In the entries below, find the line containing "Всё. Никакого другого" and the line containing "УТВЕРЖДЕНИИ КВАЛИФИКАЦИОННЫХ ТРЕБОВАНИЙ". Copy those two lines and everything between them exactly, and only that.

======== Records provided ========

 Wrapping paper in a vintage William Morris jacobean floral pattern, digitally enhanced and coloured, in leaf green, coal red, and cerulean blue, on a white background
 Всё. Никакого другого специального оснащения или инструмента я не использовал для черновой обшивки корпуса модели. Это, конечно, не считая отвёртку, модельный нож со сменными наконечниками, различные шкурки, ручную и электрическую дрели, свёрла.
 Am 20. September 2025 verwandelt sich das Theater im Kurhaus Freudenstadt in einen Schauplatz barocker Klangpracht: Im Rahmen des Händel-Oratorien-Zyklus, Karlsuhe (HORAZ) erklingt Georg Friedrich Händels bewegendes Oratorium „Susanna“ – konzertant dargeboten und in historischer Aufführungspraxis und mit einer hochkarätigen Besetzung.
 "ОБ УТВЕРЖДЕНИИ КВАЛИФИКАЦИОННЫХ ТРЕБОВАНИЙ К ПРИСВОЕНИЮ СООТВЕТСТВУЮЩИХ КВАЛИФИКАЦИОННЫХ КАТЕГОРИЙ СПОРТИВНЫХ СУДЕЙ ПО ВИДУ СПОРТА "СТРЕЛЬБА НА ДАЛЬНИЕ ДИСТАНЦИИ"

========
======== Records provided ========

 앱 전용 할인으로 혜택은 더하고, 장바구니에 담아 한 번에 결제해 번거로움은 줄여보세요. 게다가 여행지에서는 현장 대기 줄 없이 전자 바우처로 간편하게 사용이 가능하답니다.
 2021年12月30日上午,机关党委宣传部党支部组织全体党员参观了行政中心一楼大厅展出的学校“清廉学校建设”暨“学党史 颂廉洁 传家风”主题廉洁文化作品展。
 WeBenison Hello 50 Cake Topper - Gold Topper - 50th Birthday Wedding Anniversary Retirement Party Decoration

========
======== Records provided ========

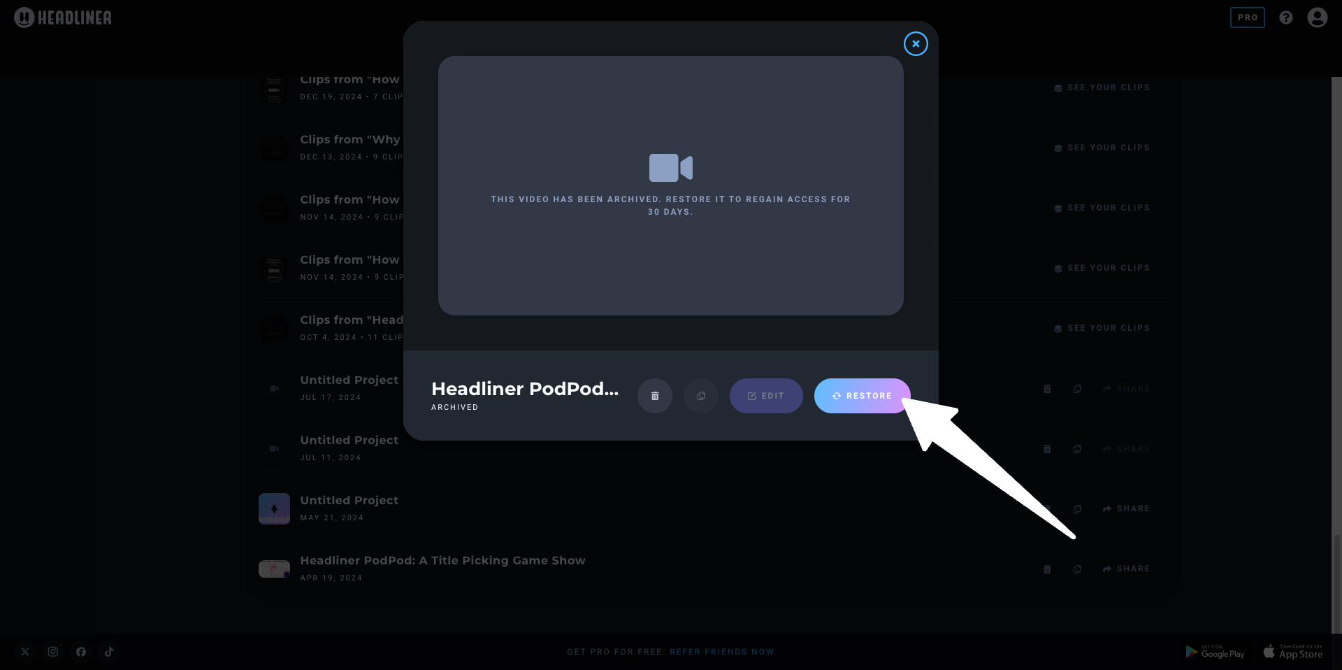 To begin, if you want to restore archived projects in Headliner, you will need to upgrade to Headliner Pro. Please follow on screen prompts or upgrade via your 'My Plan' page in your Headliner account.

========

Task output |
 Всё. Никакого другого специального оснащения или инструмента я не использовал для черновой обшивки корпуса модели. Это, конечно, не считая отвёртку, модельный нож со сменными наконечниками, различные шкурки, ручную и электрическую дрели, свёрла.
 Am 20. September 2025 verwandelt sich das Theater im Kurhaus Freudenstadt in einen Schauplatz barocker Klangpracht: Im Rahmen des Händel-Oratorien-Zyklus, Karlsuhe (HORAZ) erklingt Georg Friedrich Händels bewegendes Oratorium „Susanna“ – konzertant dargeboten und in historischer Aufführungspraxis und mit einer hochkarätigen Besetzung.
 "ОБ УТВЕРЖДЕНИИ КВАЛИФИКАЦИОННЫХ ТРЕБОВАНИЙ К ПРИСВОЕНИЮ СООТВЕТСТВУЮЩИХ КВАЛИФИКАЦИОННЫХ КАТЕГОРИЙ СПОРТИВНЫХ СУДЕЙ ПО ВИДУ СПОРТА "СТРЕЛЬБА НА ДАЛЬНИЕ ДИСТАНЦИИ"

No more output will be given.